■ **Work item**
Would you reproduce the data below exactly, please, leaving out its images?

*** Opening Supplied material ***

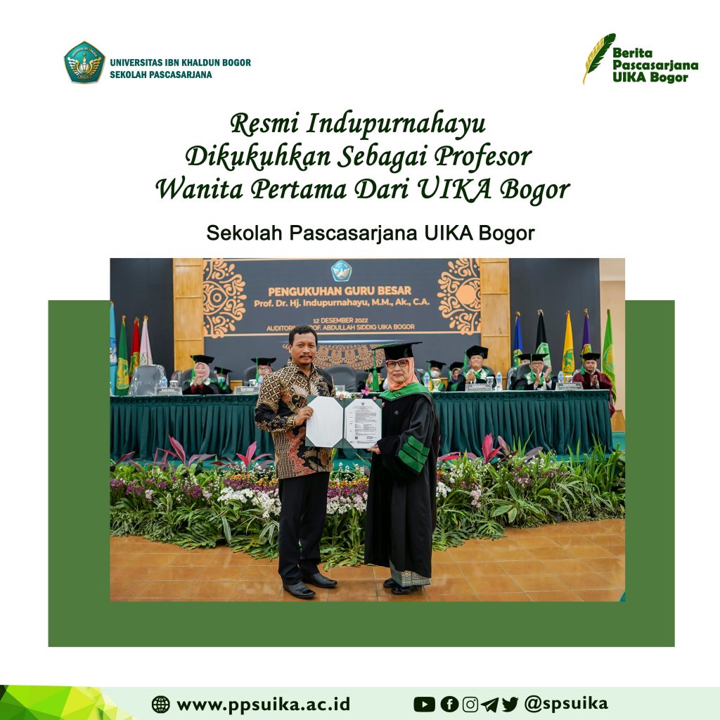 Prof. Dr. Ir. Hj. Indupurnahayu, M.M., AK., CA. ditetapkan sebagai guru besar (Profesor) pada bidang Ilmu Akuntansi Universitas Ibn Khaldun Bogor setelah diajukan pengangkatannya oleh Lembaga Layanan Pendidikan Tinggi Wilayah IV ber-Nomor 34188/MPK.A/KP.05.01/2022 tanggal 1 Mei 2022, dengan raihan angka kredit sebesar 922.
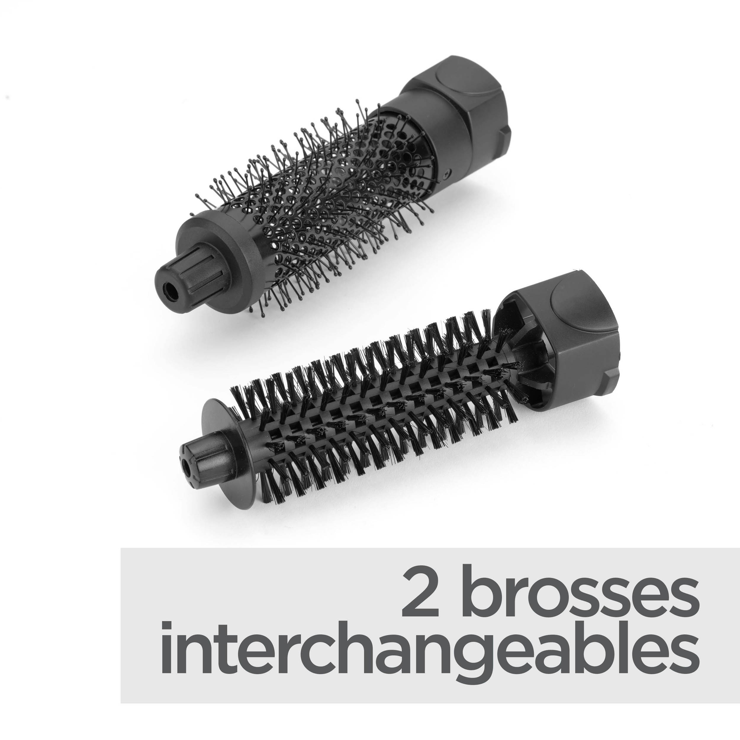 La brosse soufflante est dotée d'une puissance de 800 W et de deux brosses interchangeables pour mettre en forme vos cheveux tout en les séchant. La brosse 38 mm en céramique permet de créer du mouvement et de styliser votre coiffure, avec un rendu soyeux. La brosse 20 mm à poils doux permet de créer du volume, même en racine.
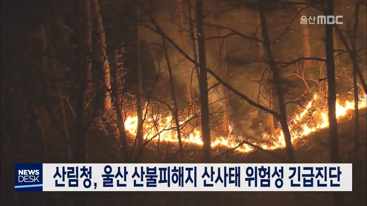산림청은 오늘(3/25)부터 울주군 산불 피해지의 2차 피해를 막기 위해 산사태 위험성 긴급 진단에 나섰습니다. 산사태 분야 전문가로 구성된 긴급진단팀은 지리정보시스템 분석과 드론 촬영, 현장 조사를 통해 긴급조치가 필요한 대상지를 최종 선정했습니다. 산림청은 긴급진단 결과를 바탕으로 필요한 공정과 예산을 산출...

*** Closing Supplied material ***

■ **Written solution**
 Prof. Dr. Ir. Hj. Indupurnahayu, M.M., AK., CA. ditetapkan sebagai guru besar (Profesor) pada bidang Ilmu Akuntansi Universitas Ibn Khaldun Bogor setelah diajukan pengangkatannya oleh Lembaga Layanan Pendidikan Tinggi Wilayah IV ber-Nomor 34188/MPK.A/KP.05.01/2022 tanggal 1 Mei 2022, dengan raihan angka kredit sebesar 922.
 La brosse soufflante est dotée d'une puissance de 800 W et de deux brosses interchangeables pour mettre en forme vos cheveux tout en les séchant. La brosse 38 mm en céramique permet de créer du mouvement et de styliser votre coiffure, avec un rendu soyeux. La brosse 20 mm à poils doux permet de créer du volume, même en racine.
산림청은 오늘(3/25)부터 울주군 산불 피해지의 2차 피해를 막기 위해 산사태 위험성 긴급 진단에 나섰습니다. 산사태 분야 전문가로 구성된 긴급진단팀은 지리정보시스템 분석과 드론 촬영, 현장 조사를 통해 긴급조치가 필요한 대상지를 최종 선정했습니다. 산림청은 긴급진단 결과를 바탕으로 필요한 공정과 예산을 산출...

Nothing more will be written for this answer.